Suposta a função social da escola, de formação para a cidadania, tanto direção escolar quanto coordenação pedagógica devem ser vistas como momentos de um mesmo processo de coordenação do trabalho na escola, tendo em vista as condições objetivas, bem como os indivíduos e grupos mediante os quais, e em benefício dos quais, se realiza a educação (p. 117).

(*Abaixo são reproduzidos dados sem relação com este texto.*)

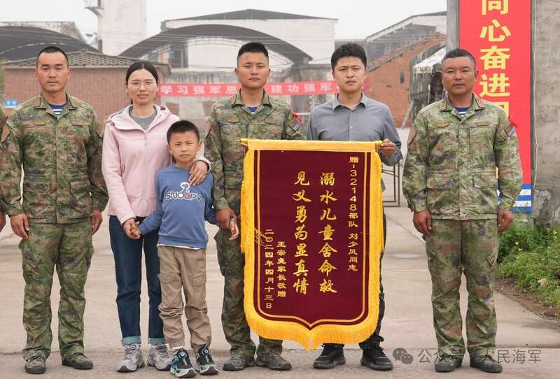 △ 赵灿一家为刘少凤(右三)送来锦旗。
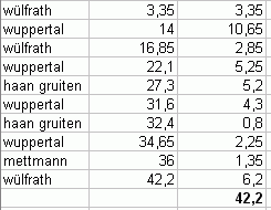Ergebnis: 4x Wuppertal 22,45km (53%), 3x Wülfrath 12,4km (29%),
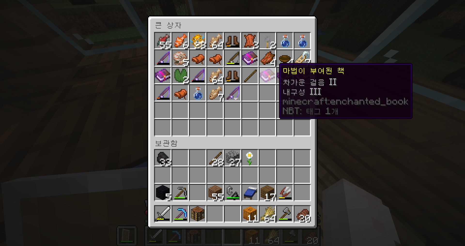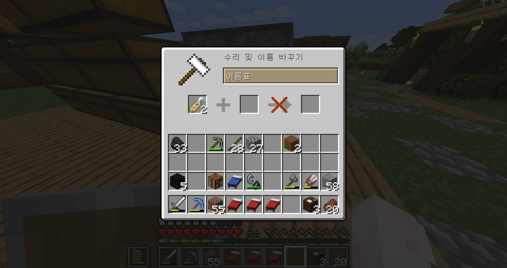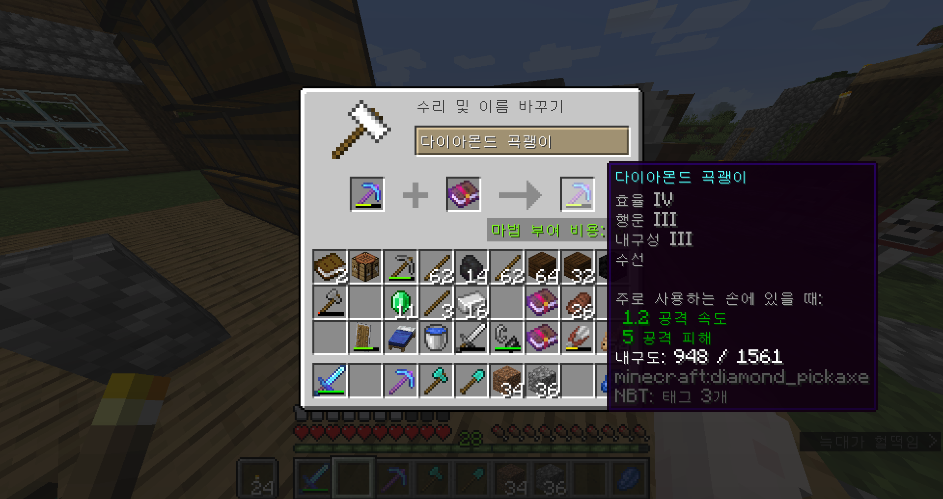 우선 주민 한마리를 꺼내서 수선 인챈트 사서 작업을 먼저 하기로 했어요
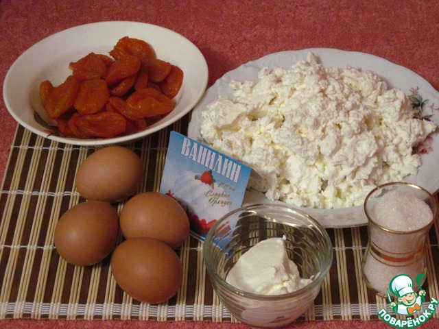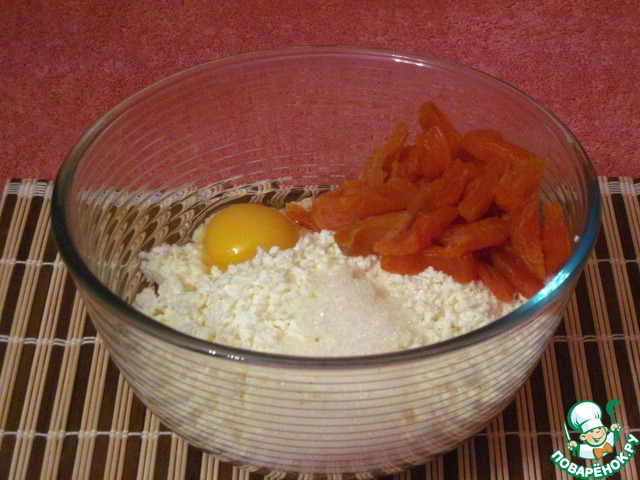 Сделать начинку для блинного пирога. Курагу залить горячей водой на 5 минут, обсушить на салфетке, нарезать кусочками. Творог протереть через сито. Добавить яйца, сахар, ванилин, все перемешать.
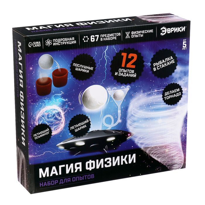 С набором для опытов «Магия физики» ребёнок почувствует себя настоящим учёным, сможет управлять летающими шариками, сделает настоящий торнадо и многое другое.
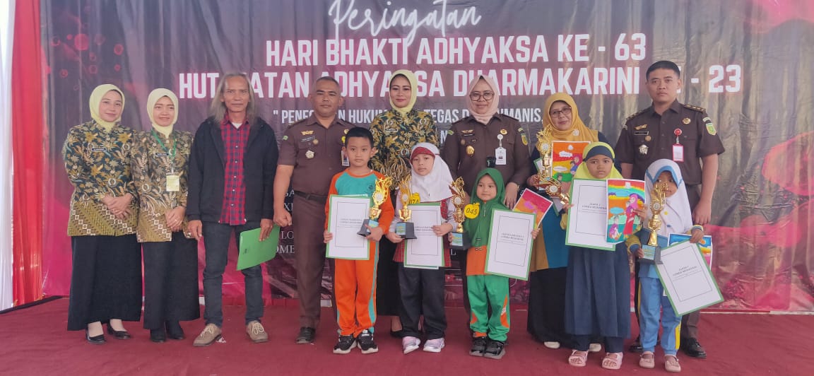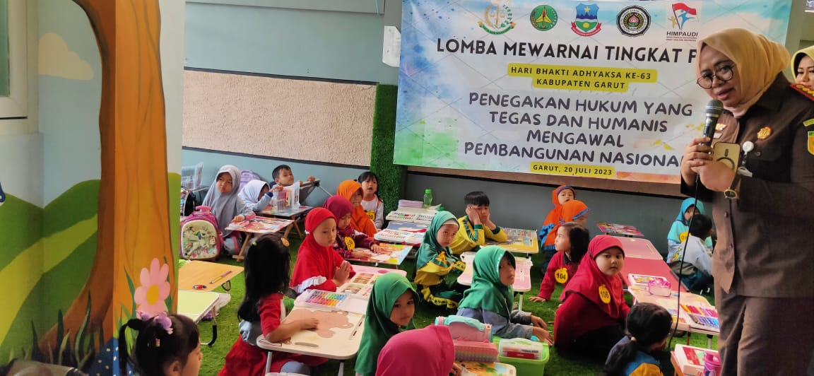 teraskandaga.com – Anak-anak PAUD Negeri/Swasta, dan siswa SD, SMP Negeri/Swasta terpilih meriahkan peringatan Hari Bhakti Adhyaksa ke-63 dan HUT XXIII Ikatan Adhyaksa Dharmakarini Tahun 2023, mereka mengikuti lomba mewarnai, yel-yel anti korupsi, dan menyanyi solo wajib nasional yaitu Pelajar Pancasila serta lagu pilihan Indonesia Jaya dan Rumah Kita di lingkungan Kantor Kejaksaan Negeri Garut, Jl. Merdeka No. 222, Haurpanggung, Kecamatan Tarogong Kidul, Kabupaten Garut, Provinsi Jawa Barat, Kamis (20/7/2023).
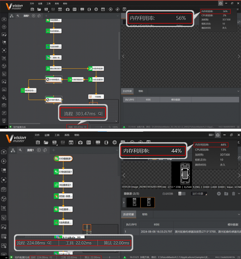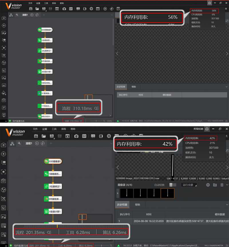 從下面兩個項目檢測案例中,可以明顯看到軟件升級后性能的顯著提升。在內存利用率方面實現了最高23.21%的降幅,大大優化了資源管理;在流程耗時上,最高減少了70多毫秒的處理時間。這些優化措施共同提高了現場工作的整體效率,確保了操作的流暢性和響應速度,為用戶帶來了更加高效和穩定的使用體驗。
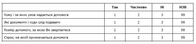 - проблеми, які виникали при оформленні та отриманні допомоги, та швидкість їх вирішення;
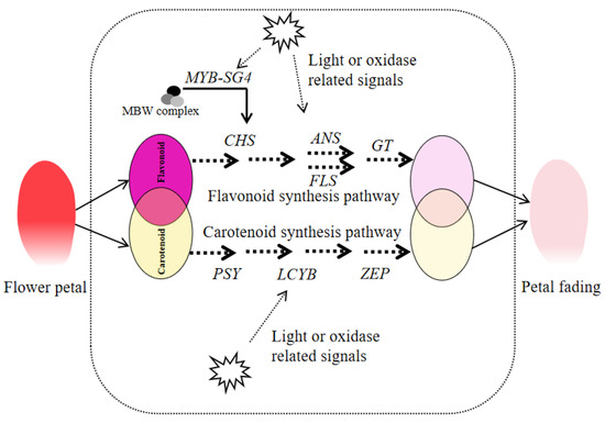 Proposed model for the regulation of pigment degradation in P. lactiflora ‘Coral Sunset’ petals. Carotenoids and flavonoids jointly determine the coloration of the petals. Light- or oxidation-related signals downregulate the expression of MYB-SG4, a member of the MBW complex, causing reduced flavonoid synthesis-related gene expression, thereby hindering flavonoid synthesis. Other regulators that respond to light or oxidative signals may also be involved in the flavonoid degradation process, and carotenoid degradation may also be subject to a similar regulatory mechanism.
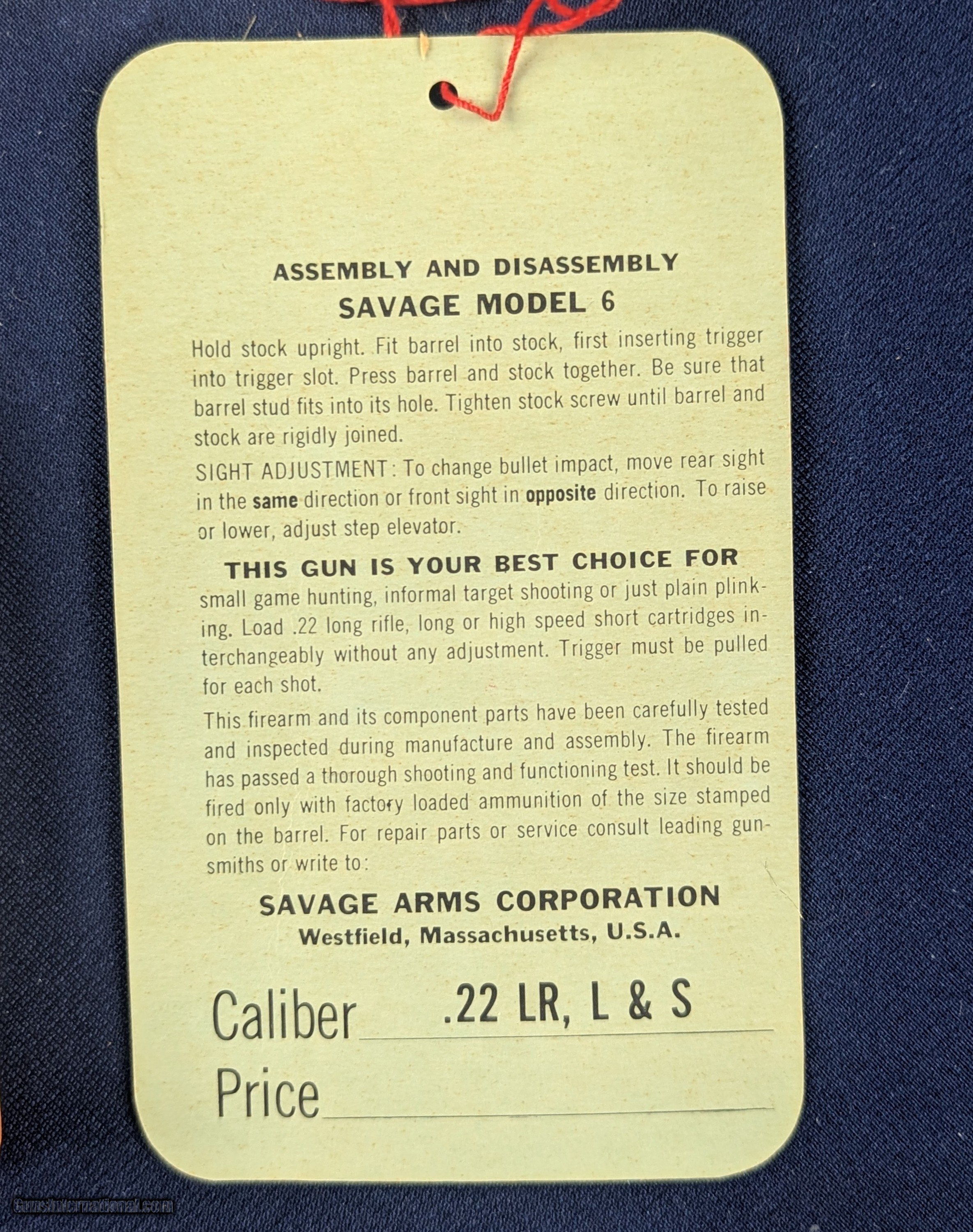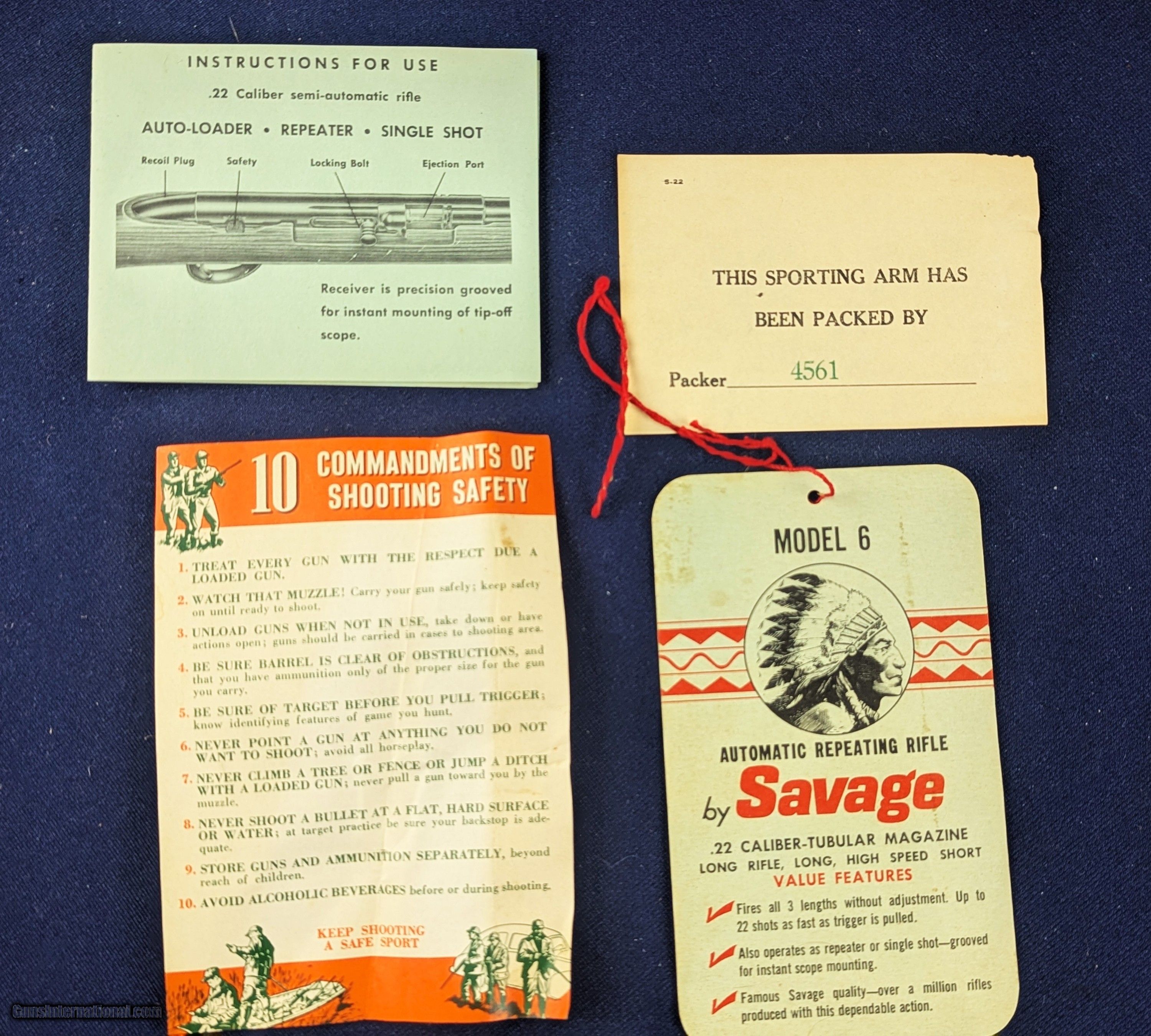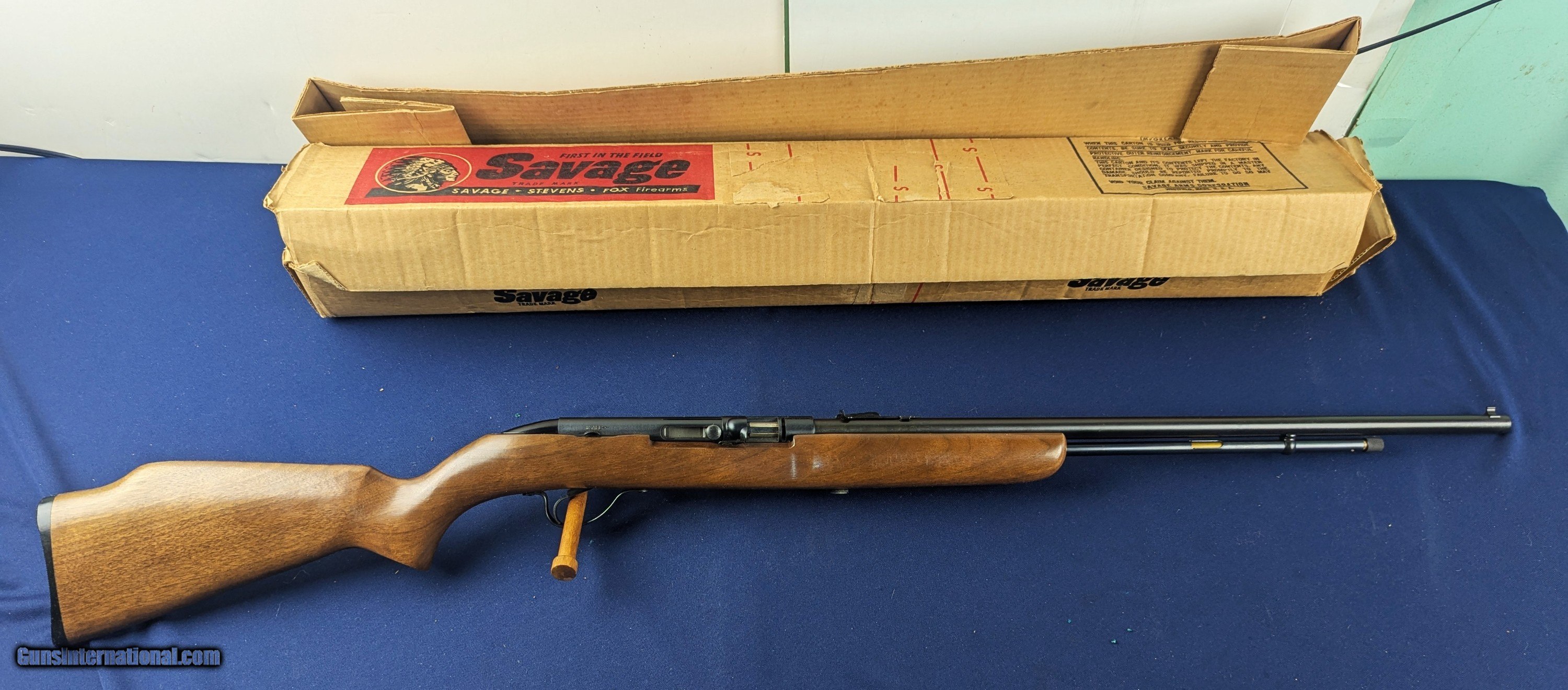 Description: UNFIRED Savage Model 6 Deluxe w/RARE original Factory Box and Instructions Offered here and just acquired is perhaps the finest ALL-IN-ONE COMPLETE package involving A savage Model 6 DELUXE .22 Rifle in RARE ORIGINAL FACTORY BOX. The Savage Model 6 is a .22 caliber semi-automatic rifle originally made by Savage Arms (and earlier under Stevens Arms). It’s essentially the Savage version of the Stevens Model 87 rimfire line. These rifles were chambered for .22 Short, .22 Long, and .22 Long Rifle rimfire cartridges. It features a 24″ barrel, tubular magazine under the barrel, basic iron sights, and a walnut or stained wood stock. The design is a straight-blowback semi-auto — simple, reliable, and effective for plinking or small game shooting. These low cost rifles typically are not found in original factory boxes. It is RARE to find one in this condition and complete. The deluxe version of the Model 6 as stamped on box denotes usually nicer trim compared to basic versions — better wood grain/finish and higher quality sights. An original rare factory box significantly enhances collectible value, especially for the Stevens/Savage arms collector. it includes original packing materials, instructions, factory hang tag, inspectors packing paper and marketing safety tip flyer. Collectors often value original boxes as much as the firearm itself in rare cases and in this case so much so. Many older Savage/Stevens rimfire rifles lack a stamped serial number, especially if manufactured before 1968, when U.S. federal law first required serialization of long guns. Older Model 6 rifles are known to be takedown capable as this one as well. The Model 6 line (including variations like 6, 6A, 6B, and “Deluxe” trims) was produced for many decades before being phased out; total numbers are high, but unfired collectors’ specimens with original boxes are rare. Again a wonderful piece for the collector of Savage arms or for that matter any American arms collector. Shipping is approximately $42 however final shipping amount is based upon geographical area. Handling is $18.00 for longarms only. We gladly accept money orders, bank checks and personal checks. Credit card orders (VISA AND MASTER CARD ONLY) charged 3.95% additional for use. PLEASE CALL DALIA AT 203-257-5256 TO GIVE CREDIT CARD I NFORMATION. Also, please view our at hansenguns. Clicencounhterk on "Online Catalog" and see All OF OUR ITEMS LISTED CONSECUTIVELY on or search online on that site with the ID “lope”...... OFFERED ONLINE AND AVAILABLE IN OUR RETAIL GALLERY IN SOUTHPORT, CT. Visit us also on Facebook at ://facebook/hansenguns/?fref=ts. We also own and/or operate Hansen Cartridge Co. and the Ruger Collectors Assc.(RCA). Hansen & Hansen wishes to expedite each order received, however we ship 80-100 items weekly, therefore orders paid by money orders or bank checks are cleared for shipping 5-7 days after deposited funds show in our account. Shipping date is scheduled ONLY AFTER VERIFICATION TAKES PLACE AND FFL/C&R IS RECEIVED (IF APPLIES). This is 5-7 days after WE receive order by mail - NOT customer date mailed and postmarked and after credit card funds are posted. Credit card orders exceeding $500 must be cleared through customer’s bank before shipping. Personal checks are accepted but orders are held UP TO 3 WEEKS after deposit of funds before items released for shipping. IF you have special instructions or require overnight or expedited shipping please advise at time of ordering and we will gladly prioritize shipping FOR AN ADDITIONAL CHARGE. THIS IS OUR POLICY and we encourage s to PLEASE READ AND UNDERSTAND OUR POLICY BEFORE . We would be pleased to answer ANY questions by phone (our toll free number is 1-800-571-7337 or e-mail cwlopiaol. Curio/Relic: Yes Rifle Caliber: .22 Long Rifle Price: $1,000.00 Buy Now Contact Seller |
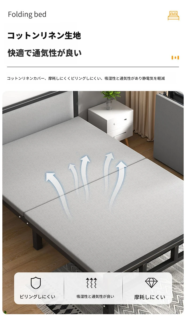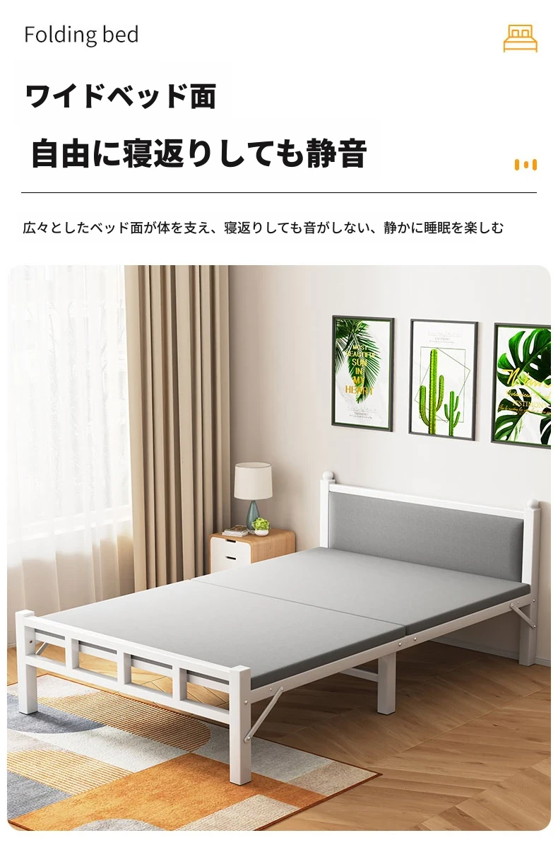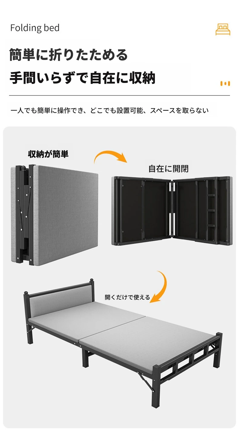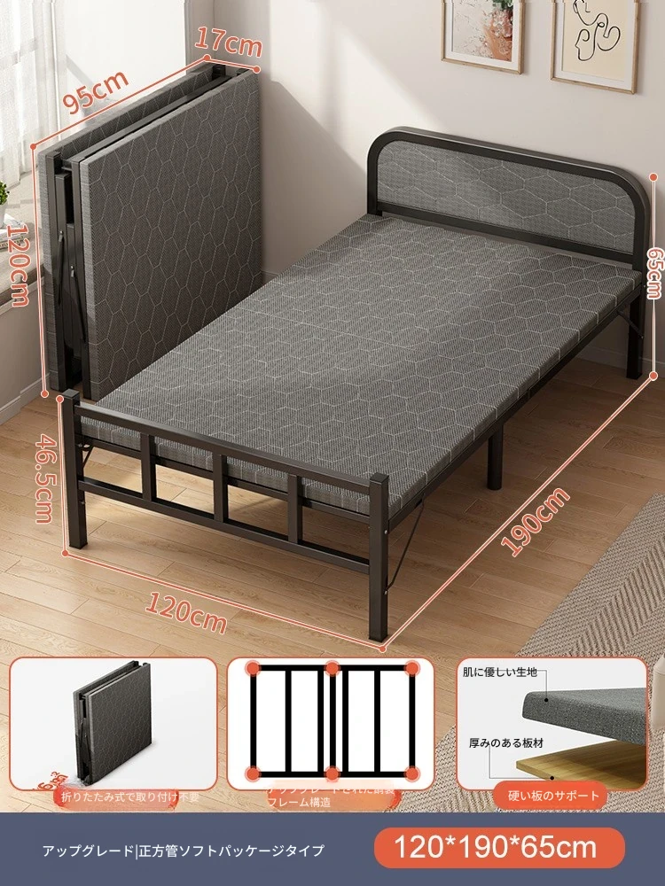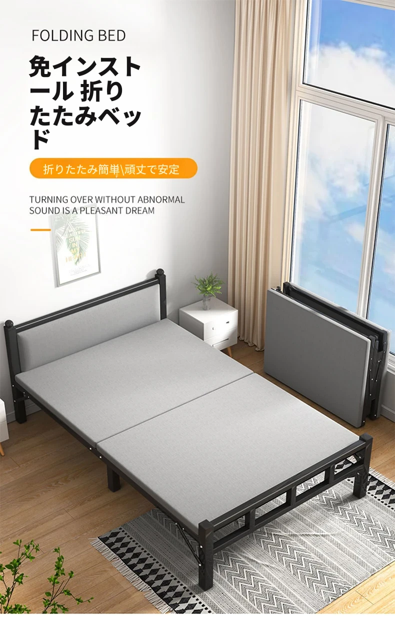 折りたたみシングルベッド|オフィスでの昼寝に最適な簡易大人用1.2mベッド|二つ折りデザインで収納もラクラク!家庭用の頑丈な鉄製ベッドです。快適な休息をサポートします!

A experiência como coordenadora dessa escola trouxe-me muitos conflitos em relação ao papel pedagógico do diretor escolar. Não havia articulação entre meu trabalho de formação dos professores e o trabalho desenvolvido pela diretora, cuja prática distanciava-se da prática dos professores, conforme pude presenciar na maioria das escolas onde havia trabalhado anteriormente.

Dessa forma, sem contar com o apoio da direção, assumia a formação em serviço sozinha. No início, acreditava ingenuamente que apenas discutir textos teóricos iria melhorar a atuação dos professores. Ora, eu não sabia formar professores; o que eu sabia era ensinar meus alunos.

O Departamento de Educação, numa tentativa de integração da equipe gestora, providenciou algumas assessorias para formação dos coordenadores e diretores da rede, a fim de que pudessem realizar a formação dos professores.

Nessa época, conforme a proposta da rede, era necessário que eu abdicasse de uma das salas de aula para assumir a nova função, porém não havia uma professora substituta que assumisse a sala, uma vez que, como a escola situava-se na periferia da cidade, havia muita dificuldade na efetivação do quadro docente, aspecto este que eu já havia observado em outras escolas de periferia da rede estadual. Posteriormente, quando uma professora substituta assumiu minha sala, comecei a participar das assessorias.

Enfrentei grandes dificuldades para lidar com o grupo, pois ser formador não é o mesmo que ser professor. Senti que, quando minha posição no grupo mudou, gerou-se uma série de conflitos entre mim e os professores. A partir desse momento, já comecei a elaborar algumas questões sobre a formação de professores, entre elas:

 Como respeitar as necessidades dos professores e, ao mesmo tempo, ajudá-los a construir uma consciência crítica a respeito da própria prática como possibilidade de melhoria do processo ensino-aprendizagem?

Trabalhei como coordenadora durante um ano e, em 1998, prestei concurso para diretor escolar da rede de São Bernardo do Campo. Aprovada, assumi, em agosto desse mesmo ano, a direção da escola onde trabalhava, quando também, em busca de algumas respostas sobre a temática da formação de professores, iniciei um curso de pós-graduação lato sensu em educação infantil na UMESP. Durante esse curso, surgiram as primeiras idéias e indagações que me levariam ao mestrado, fechando outro ciclo de minha trajetória profissional como professora e iniciando novas reflexões, agora como diretora escolar.